The man dialed 911, and Chavez said he fled as he heard sirens approaching.
Jaramillo drove away and was immediately pursued by an officer, who was joined by three others as Jaramillo led them on a chase on St. Michael’s Drive and then I-25, eventually heading south in the northbound lanes, according to trial testimony.
She continued even after Duran and Lovato crashed, coming to a stop only after she sideswiped a pickup and the Malibu became disabled.
She told officers at the scene the man who had kidnapped her had fled. She gave police the name of a man whom they later determined was not involved in the incident. He now has a pending civil suit against multiple law enforcement agencies that sent out alerts identifying him as the kidnapping suspect.
The bizarre incident wasn’t Jaramillo’s first. According to trial testimony and previous reports, she led police on a high-speed chase near Grants in a stolen vehicle and then claimed she’d been forced to do so by a man who was never found.
Questions about pursuit
A Santa Fe officer admitted on the witness stand he might have violated parts of the department’s pursuit policy limiting the number of officers who can participate in a chase but said he believed at the time more officers were needed to ensure Jaramillo’s safety.
The department has not yet determined whether the chase violated any policies, Deputy Chief Ben Valdez wrote in an email earlier this week, noting an internal investigation would be completed “once the criminal case has been resolved.”

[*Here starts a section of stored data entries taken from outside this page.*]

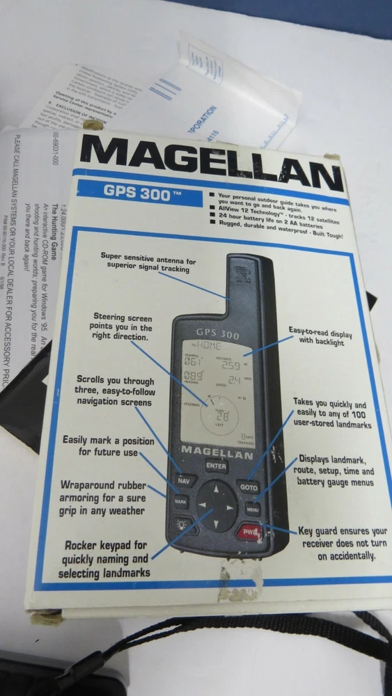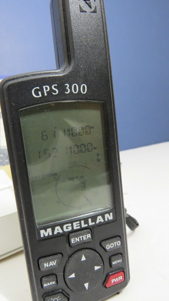 Magellan GPS 300 Satellite Navigator - Includes Original Box Parts LCD faded Condition: pre-owned, works but some of the numbers/lcd is faded-light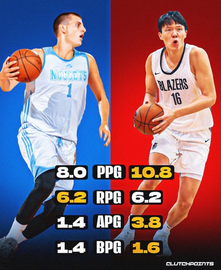 7月20日讯 今天,美国知名媒体ClutchPoints发文对比杨瀚森和约基奇夏季联赛的表现。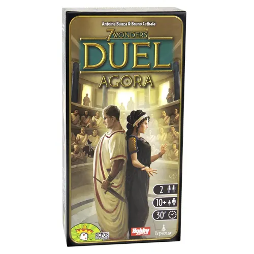 У доповненні 7 Чудес: Дуель. Агора (7 Wonders Duel: Agora) вас чекає нове поле Сенату, карти сенаторів, будівель і змов, а також інші компоненти, які додадуть глибини і варіативності до гри. Карти сенаторів поділені за епохами й додаються до основних колод, тоді як карти змов утворюють окрему колоду.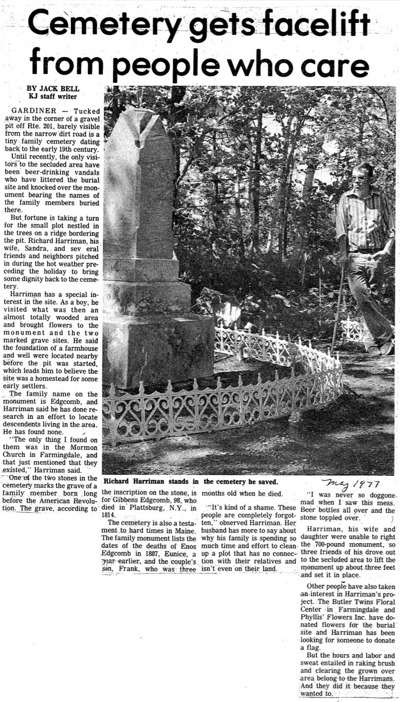 Edgecomb was a veteran of the Revolutionary War, according to Anne Cough, a Gardiner resident who has researched the history of the burial site. The other veteran was another Gibbens Edgecomb, who died in 1878 at the age of 87 and served in the War of 1812, Cough said.

Carmack-Altwies told jurors during her closing argument the pursuit was necessary.
“The officers weighed the pros and cons of the pursuit,” she said. “They weighed the life of this kidnapping victim against the danger posed by pursuing her. ... We want our police to choose to save kidnapping victims.”
She added if the chase had been called off and Jaramillo had “ended up dead with a knife in her body, the Santa Fe Police Department would have been accused of not caring about a kidnapping victim. They were damned if they did and damned if they didn’t.”
Silva countered this during his final remarks, arguing none of the dashboard or lapel camera videos from the chase reflects those sentiments.
“Try to find one video where the officers are saying, ‘There is a woman being kidnapped; we need to save her life,’ ” Silva told jurors before they began deliberating.
“None of them are talking about a hostage situation. None of them are talking about guns, knives, kidnapping,” he added.
Silva also argued the state hadn’t proven Jaramillo had a “corrupt, perverted or malicious” state of mind, a required element of the charge of depraved mind murder.
“She didn’t start the day thinking, ‘I’m going to go out with evil intent ... and two people are going to die this morning,” Silva said. “Nobody really knows what she was thinking. Nobody knows what the officers were thinking.”
But Carmack-Altwies had the last word, leaving jurors with this analogy:
“If a firefighter runs into a burning building to save an innocent person, and then that firefighter dies, do we blame that firefighter? Or do we blame the arsonist? We blame the arsonist, and Jeannine Jaramillo is the arsonist.”